Garlic or Onion Allergy

If you are allergic to foods like milk and wheat, just a look at the label can tell you if that allergen is inside certain foods. However, if you have an allergy or intolerance to plants such as garlic or onions, it can more difficult to stay away from. This is because these plants are often found in their powdered, diced, or oil form in many processed products like prepackaged foods, marinades, and sauces. Because of this, the minute amount of flavoring added may not be easy to find on ingredient lists or labels. Learning more about garlic or onion allergies can help you to stay safer during meal and snack time if you have such an allergy or intolerance.

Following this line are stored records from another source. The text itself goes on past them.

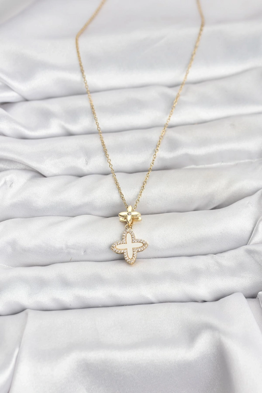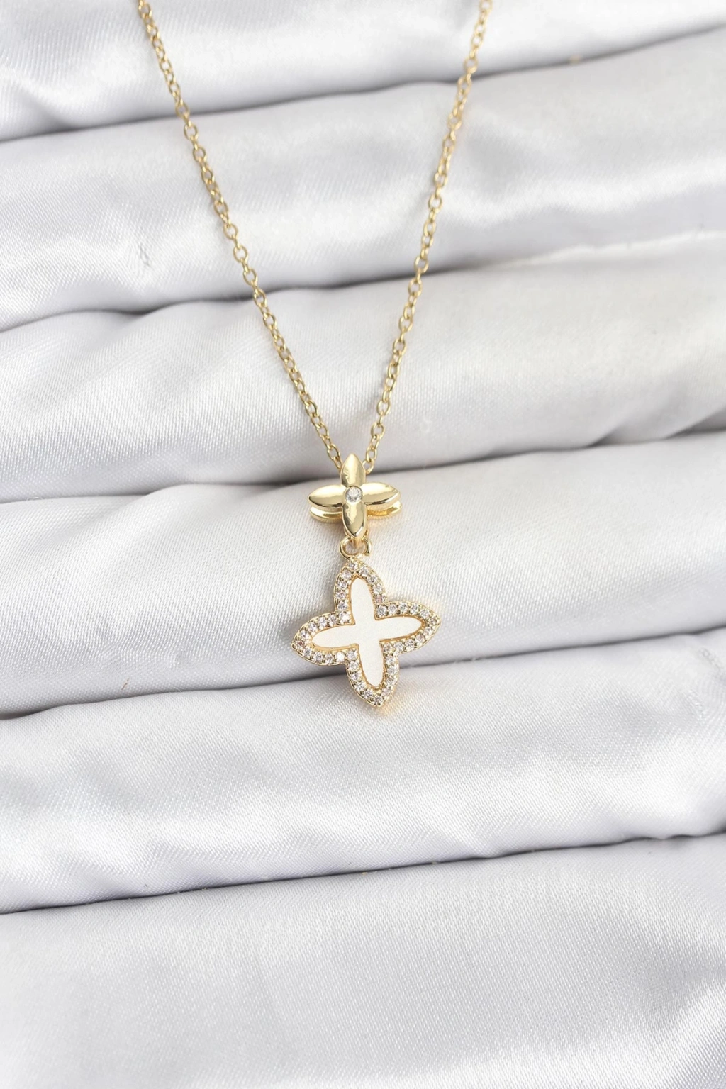 Erb 316L Çelik Zincir Gold Renk 4 Yapraklı Yonca Model Zirkon Taşlı Kadın Kolye
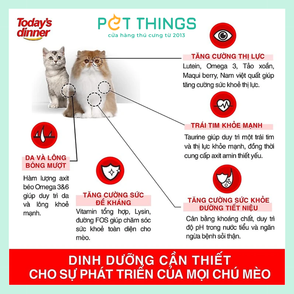 - Tăng cường sức đề kháng: Thức ăn cho mèo Todays' dinner có chứa vitamin tổng hợp, Lysin, đường FOS giúp chăm sóc sức khoẻ toàn diện cho mèo
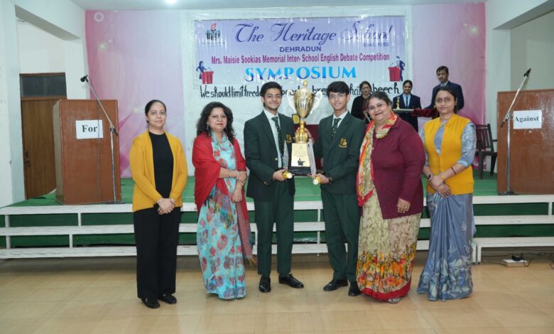 देहरादून। द हैरिटेज स्कूल के तत्वावधान में चतुर्थ मैसी सूकियास मैमोरियल अंतर विद्यालय अंग्रेजी वाद विवाद प्रतियोगिता सिम्पोजियम में कर्नल ब्राउन स्कूल ने सर्वाधिक अंक हासिल कर ट्राफी पर कब्जा किया जबकि सेंट थॉमस कॉलेज को उप विजेता रहा।

Garlic and onion allergy or intolerance

Garlic is an edible bulb in the lily family also known as Allium sativum. It has been used for many years as a dietary supplement.  Research shows that a certain type of alliin lyase is the major IgE binding protein in individuals allergic to garlic. Anaphylaxis, hives, itching, sneezing, nausea and vomiting, and dermatitis are some symptoms of an allergic reaction to garlic.

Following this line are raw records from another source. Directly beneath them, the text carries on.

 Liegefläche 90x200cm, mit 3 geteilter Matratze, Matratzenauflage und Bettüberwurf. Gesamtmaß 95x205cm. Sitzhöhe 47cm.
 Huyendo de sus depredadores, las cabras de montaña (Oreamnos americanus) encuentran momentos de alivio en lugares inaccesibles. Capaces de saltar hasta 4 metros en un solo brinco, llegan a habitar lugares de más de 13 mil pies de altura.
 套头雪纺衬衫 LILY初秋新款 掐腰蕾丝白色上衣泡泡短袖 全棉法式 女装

Others may be intolerant to garlic and sensitive to the fructo-oligosaccharides in garlic, which are a type of fructan. Fructans are an indigestible carbohydrate that cannot be broken down through digestion in humans. Some people experience symptoms such as abdominal cramping, gas, or bloating after consuming garlic. However, since fructans are water-soluble, those who are sensitive to fructans can still consume garlic infused oils safely.

If someone has a garlic allergy or intolerance, then they may also be allergic or intolerant to similar plants like leeks, shallots, chives, and onions too. This is because these vegetables contain similar proteins and compounds that you may be sensitive too. When someone is allergic to vegetables with similar proteins, this is called cross reactivity.

Onion, or Allium cepa L., is also in the Liliaceae family and is a versatile vegetable that has been consumed widely for its flavor and potential health benefits.  Some of these perceived health benefits are thought to originate from the antioxidant compounds quercetin and anthocyanins found in onions. Like garlic, symptoms of an onion allergy may include symptoms such as itching or hives, and an intolerance usually involves digestive symptoms.

Foods that may contain garlic or onion

Besides their raw and cooked form, garlic and onion can be found in many food products.  Dried garlic and onion powders are commonly found in food products such as:

  • Prepackaged frozen meals
  • Canned or boxed soups
  • Salad dressings, sauces, and salsas
  • Processed meat products like deli meats, sausages, or pre-seasoned meats

It is important to read the ingredient label carefully for garlic or onion ingredients since there will not be an allergen warning on food labels for such ingredients. Therefore, it is safest to just prepare soups and season meats at home if you have a garlic or onion allergy or intolerance. There are however some garlic and onion free flavoring substitutes such as:

Other ways to season foods without garlic and onion include herbs and spices like basil, oregano, cumin, sage, or spices as simple as salt and pepper. 

Take home message

A garlic and/or onion allergy or intolerance can be difficult to manage since these ingredients are found in many food products. However, if you are cautious and read ingredient labels and/or prepare food at home with alternative herbs and spices, then you can stay safe and still enjoy flavorful food.